Each of these efforts is designed to amplify the intrinsically multidisciplinary nature of the emerging field of data science. The HDR Big Idea will establish theoretical, technical, and ethical frameworks that will be applied to tackle data-intensive problems in science and engineering, contributing to data-driven decision-making that impacts society.
This solicitation is for Frameworks for Data-Intensive Research in Science and Engineering (DIRSE) as part of the HDR Institutes activity. These Frameworks represent one path of a conceptualization phase aimed at developing Institutes as part of the NSF investment in the HDR Big Idea.
The HDR Institutes activity seeks to create an integrated fabric of interrelated institutes that can accelerate discovery and innovation in multiple areas of data-intensive science and engineering. The HDR Institutes will achieve this by harnessing diverse data sources and developing and applying new methodologies, technologies, and infrastructure for data management and analysis. The HDR Institutes will support convergence between science and engineering research communities as well as expertise in data science foundations, systems, applications, and cyberinfrastructure. In addition, the HDR Institutes will enable breakthroughs in science and engineering through collaborative, co-designed programs to formulate innovative data-intensive approaches to address critical national challenges.

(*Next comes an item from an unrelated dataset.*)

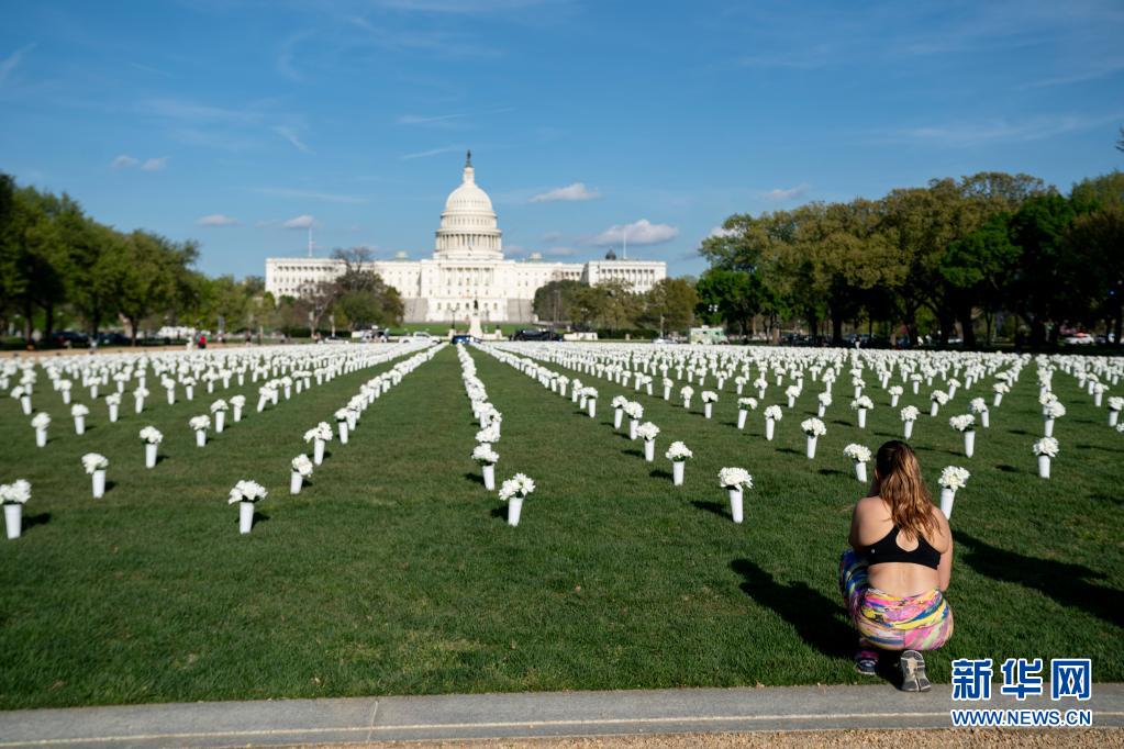 4月13日,一名女子觀看美國華盛頓國家廣場草坪上擺放的白色絹花。

HDR Institutes will be developed through a two-phase process involving conceptualization followed by convergence. The conceptualization phase will be implemented in FY 2019 via two complementary funding opportunities. The first opportunity in FY 2019 will encourage individuals with compelling data-intensive science and engineering problems and/or technical expertise to self-organize into teams with the aim of developing innovative, collaborative research proposals through an Ideas Lab process. The second opportunity in FY 2019, described in this solicitation, will encourage applications from teams of researchers proposing frameworks for integrated sets of science and engineering problems and data science solutions. The conceptualization phase will result in two-year awards aimed at building communities, defining research priorities, and developing interdisciplinary prototype solutions. NSF anticipates implementing the subsequent convergence and co-design phase in the 2021 timeframe with awards that integrate and scale successful prototypes and new ideas into larger, more comprehensive HDR Institutes that bring together multiple science and engineering communities with computer and computational scientists, mathematicians, statisticians, and information scientists around common data science approaches.

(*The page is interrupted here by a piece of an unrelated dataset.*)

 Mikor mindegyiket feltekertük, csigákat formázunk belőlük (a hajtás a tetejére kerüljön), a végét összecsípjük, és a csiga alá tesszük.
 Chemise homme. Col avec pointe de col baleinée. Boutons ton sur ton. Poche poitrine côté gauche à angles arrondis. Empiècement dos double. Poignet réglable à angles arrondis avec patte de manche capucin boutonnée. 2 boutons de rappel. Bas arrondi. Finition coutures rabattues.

The overarching goal of the HDR Institutes DIRSE Frameworks solicitation is to foster convergent approaches to data-driven research in science and engineering. Frameworks will consist of interdisciplinary teams to conceptualize and pilot new modalities for collaboration and convergence that go beyond institutional walls and traditional disciplinary boundaries, to build innovative connections between scientific groups and data scientists and engineers, to integrate research infrastructure and education infrastructure. The Frameworks should focus on science and engineering areas that: (1) are at a “tipping point” where a timely investment in data-intensive approaches has the maximum potential for a transformative effect, (2) have needs that can benefit from interdisciplinary investments in data analytics infrastructure, and (3) represent investment priorities for the participating NSF directorates during, and beyond, the lifetime of the HDR Big Idea. Specific outcomes expected from the Frameworks include identification of frontier science and engineering challenge problems and the associated data and data-science barriers or tipping points, as well as development of new strategies and innovative approaches to foster scientific breakthroughs involving researchers from diverse scientific backgrounds.